Chronic Pain and Gut Microbiota Composition: A Pain Site-Specific Analysis

by Archynetys Health Desk

New Study Reveals Connections Between Chronic Pain and Gut Microbiota

Chronic pain is a prevalent issue worldwide, affecting physical, psychological health, and economic well-being. According to recent studies, chronic pain is reported in 39% of Japanese populations and ranges from 35% to 51% in the United Kingdom. In adult Europeans, it occurs in 19% of the population, and in the United States, 20.5% of adults experience pain daily.

Potential Causes of Chronic Pain

The origins of chronic pain are complex, encompassing alterations in the nervous system, musculoskeletal deterioration, immune system disorders, physical attributes, and psychological states. Emerging research points to the gut microbiota (GM), which significantly influences these factors, potentially playing a critical role in chronic pain.

Gut Microbiota and Chronic Pain

Signaling molecules derived from the gut microbiota, such as metabolites, neurotransmitters, and neuromodulators, influence the pathogenesis of chronic pain by interacting with specific receptors and modulating both peripheral and central sensitization. These mediators play a key role in regulating primary nociceptive neuron excitability in the peripheral nervous system, contributing to peripheral sensitization. In the central nervous system, they can affect neuroinflammatory processes and central sensitization by activating blood-brain barrier cells, microglia, and infiltrating immune cells.

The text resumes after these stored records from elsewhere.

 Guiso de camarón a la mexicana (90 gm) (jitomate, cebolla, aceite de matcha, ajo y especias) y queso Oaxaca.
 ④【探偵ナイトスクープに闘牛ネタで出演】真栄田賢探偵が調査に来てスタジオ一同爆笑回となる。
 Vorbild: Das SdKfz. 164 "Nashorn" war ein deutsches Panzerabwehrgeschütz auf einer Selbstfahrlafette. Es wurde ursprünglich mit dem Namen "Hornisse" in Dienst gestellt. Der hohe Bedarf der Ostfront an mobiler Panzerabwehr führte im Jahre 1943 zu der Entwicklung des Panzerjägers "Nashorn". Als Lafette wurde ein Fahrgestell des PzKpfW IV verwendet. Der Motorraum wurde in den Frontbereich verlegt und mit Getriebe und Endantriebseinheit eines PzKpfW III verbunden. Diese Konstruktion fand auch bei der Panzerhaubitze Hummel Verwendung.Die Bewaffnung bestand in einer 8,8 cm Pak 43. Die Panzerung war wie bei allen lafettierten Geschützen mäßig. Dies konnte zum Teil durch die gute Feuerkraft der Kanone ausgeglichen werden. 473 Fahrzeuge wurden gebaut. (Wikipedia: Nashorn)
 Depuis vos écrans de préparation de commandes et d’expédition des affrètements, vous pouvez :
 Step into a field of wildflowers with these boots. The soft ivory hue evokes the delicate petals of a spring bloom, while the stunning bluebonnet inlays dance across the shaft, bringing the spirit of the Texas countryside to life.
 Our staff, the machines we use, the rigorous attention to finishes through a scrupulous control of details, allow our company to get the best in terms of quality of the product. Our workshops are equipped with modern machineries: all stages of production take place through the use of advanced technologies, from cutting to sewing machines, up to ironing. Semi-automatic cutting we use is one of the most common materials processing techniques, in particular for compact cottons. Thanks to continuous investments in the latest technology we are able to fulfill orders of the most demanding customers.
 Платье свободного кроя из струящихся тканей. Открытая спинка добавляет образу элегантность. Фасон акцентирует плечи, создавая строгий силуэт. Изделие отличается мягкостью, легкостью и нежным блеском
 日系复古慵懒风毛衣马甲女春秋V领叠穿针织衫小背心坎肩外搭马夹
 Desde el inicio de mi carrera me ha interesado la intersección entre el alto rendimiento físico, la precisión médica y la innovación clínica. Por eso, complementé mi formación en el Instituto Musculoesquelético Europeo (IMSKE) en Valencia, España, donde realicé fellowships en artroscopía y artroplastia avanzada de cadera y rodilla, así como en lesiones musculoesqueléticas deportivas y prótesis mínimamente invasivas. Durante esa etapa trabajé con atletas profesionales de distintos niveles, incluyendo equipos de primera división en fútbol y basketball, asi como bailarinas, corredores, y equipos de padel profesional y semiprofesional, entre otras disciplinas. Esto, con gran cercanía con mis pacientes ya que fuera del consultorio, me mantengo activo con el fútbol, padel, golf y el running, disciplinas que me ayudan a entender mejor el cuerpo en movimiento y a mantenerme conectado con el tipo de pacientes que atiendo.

Study Participants and Methodology

Researchers conducted a cross-sectional survey involving 178 chronic pain patients who visited Aichi Medical University Hospital for pain management between April 2019 and June 2022. The study also included 125 healthy controls matched on age and gender. Participants’ fecal samples were collected for gut microbiota analysis.

Demographic and Medical Data

Key information assessed included age, gender, body mass index (BMI), pain intensity, pain location, psychological status, and drug use. Pain intensity and location were recorded using standardized metrics. Psychological status was evaluated using the Hospital Anxiety and Depression Scale (HADS) and the Pain Catastrophizing Scale. Data on medication use, primarily drugs used for pain management, were also collected.

Gut Microbiota Analysis

The analysis of gut microbiota composition was performed using 16S rRNA gene sequencing. The Shannon index was used to measure alpha diversity, representing the richness or diversity of bacterial genera in the sample. Beta diversity, indicated by unweighted and weighted unifrac distances, was used to compare differences in gut microbiota composition between groups.

Findings

The study revealed that chronic pain patients exhibited significantly lower gut microbiota diversity as compared to healthy controls, despite no significant differences in diversity among different pain groups. Certain bacterial families were more abundant in specific chronic pain groups:

  • Patient with whole-body pain had higher levels of the Eggerthellaceae family and lower levels of Halomonas, Lachnospira.
  • Patients with low back and lower extremity pain had more Fusobacterium and Sellimonas but fewer Halomonas, Romboutsia, Subdoligranulum, Faecalibacterium, ErysipelotrichaceaeUCG_003, and Ruminococcaceae.
  • Headache patients showed more Actinomycetaceae, Eggerthellaceae, and fewer Romboutsia and Turicibacter.
  • Participants with neck, upper back, and upper extremity pain exhibited higher Oscillibacter, Flavonifractor, Ruminococcus_torquesgroup, Clostridium_innocuum group, Eggerthella, and lower Halomonas, Romboutsia, and Coprococcus.

Impact of Gut Microbiota on Pain

The study suggests that gut microbiota plays a crucial role in chronic pain, with differences in microbial composition observed across various pain types. However, the exact mechanisms and causality between gut microbiota composition and chronic pain need further investigation.

Limitations of the Study

Several limitations were identified including:

  • The study only demonstrated differences in GM composition between chronic pain patients and controls, not the impact of these changes on pain.
  • Small sample sizes for each pain group.
  • A higher frequency of females in all groups, potentially introducing gender bias.
  • The influence of medications on gut microbiota was not fully accounted for.

Conclusion

This research highlights the potential for the gut microbiota to influence chronic pain and suggests that understanding the relationship between gut health and pain could lead to new therapeutic approaches. Future studies should explore the因果 relationship between specific gut bacteria and chronic pain types, as well as the impact of treatment-mediated changes in gut microbiota.